Быстро-быстро! Пока не заметили!
Это случаем не Малюта Скуратов? Только не он!
Малюта? Дела плохи, прячь быстрее, чтоб не нашел! Иначе могут на кол посадить!
Деловито приглаживая рыжую бороду с многочисленными седыми волосками, он важно обошел коня и неспеша оглядел людей вокруг. — А ну-ка тихо! — рявкнул он, наблюдая за тем, как все вдруг стихли. — Ну что тут у нас? До меня донеслась молва, что у вас тут кто-то промышляет нечисто. За спиной у государя, — чуть растягивая гласные, проговорил он. Он оглядел людей полным напускной подозрительности взглядом. Его взгляд остановился правее коня, он обратил внимание на довольно красивую девушку, у которой Гилберт ранее брал ягоды. Улыбнувшись, он подошел к ней. — Ну что, запрещенного товара не имеем? Возможно, лишней нечисто заработанной монетки? Или, может, девица у себя под крылом пригрела изменника? — девушка судорожно замотала головой, широкими глазами наблюдая за тем, как мужчина подходит к ней. Перед ним все предусмотрительно тихо и безмолвно расступились. — Как это? А я вижу, что очень даже имеете исключительно интересный товар, — он резким движением руки схватил ее за локоть и с силой вытащил с места за корзинками. Девушка испуганно вскрикнула и сжалась, закрывая глаза. Попыталась вырваться, но хватка мужчины была слишком крепка. Он притянул девушку к себе, чуть ли не выворачивая ей руки. — А это что? — он ухватился за бусы, оплетающие шею девушки. — Подарок… — тихо пискнула она, еще больше сжимаясь. — Подарок, как же!

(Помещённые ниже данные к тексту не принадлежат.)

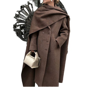 Cappotto invernale da donna alla moda doppio petto lungo con collo a sciarpa con bottone Casual Trench da donna

У нас таких отродясь не было! Подарок иностранца какого! И что же у тебя еще есть?! — он вместе с девушкой потащился к ее прилавку. Подойдя, он окинул взглядом практически наполовину пустые корзины и ухмыльнулся. — А это что?! — одним мощным пинком он снес две корзины, из которых посыпались ягоды. — Кажется, — он схватил девушку за густые волосы, больно натягивая их, — Я видел точно такие же ягоды, да только во дворе царя! Да и в тех же корзинах! Воровка! — зло выплюнул он, с удовольствием наблюдая за тем, как глаза девушки наполнились отчаянием. — Нет же, нет! Это мои ягоды, в лес ходила… — попыталась оправдаться она, но ее опять резко дернули за руку и сильнее натянули волосы на кулак. Она тихо простонала от боли. — Грязная воровка! У тебя все ворованное! И это, — он с остервенением оторвал рукав от рубахи. — И это! — затрещала ткань сарафана сзади. — Все!Стой!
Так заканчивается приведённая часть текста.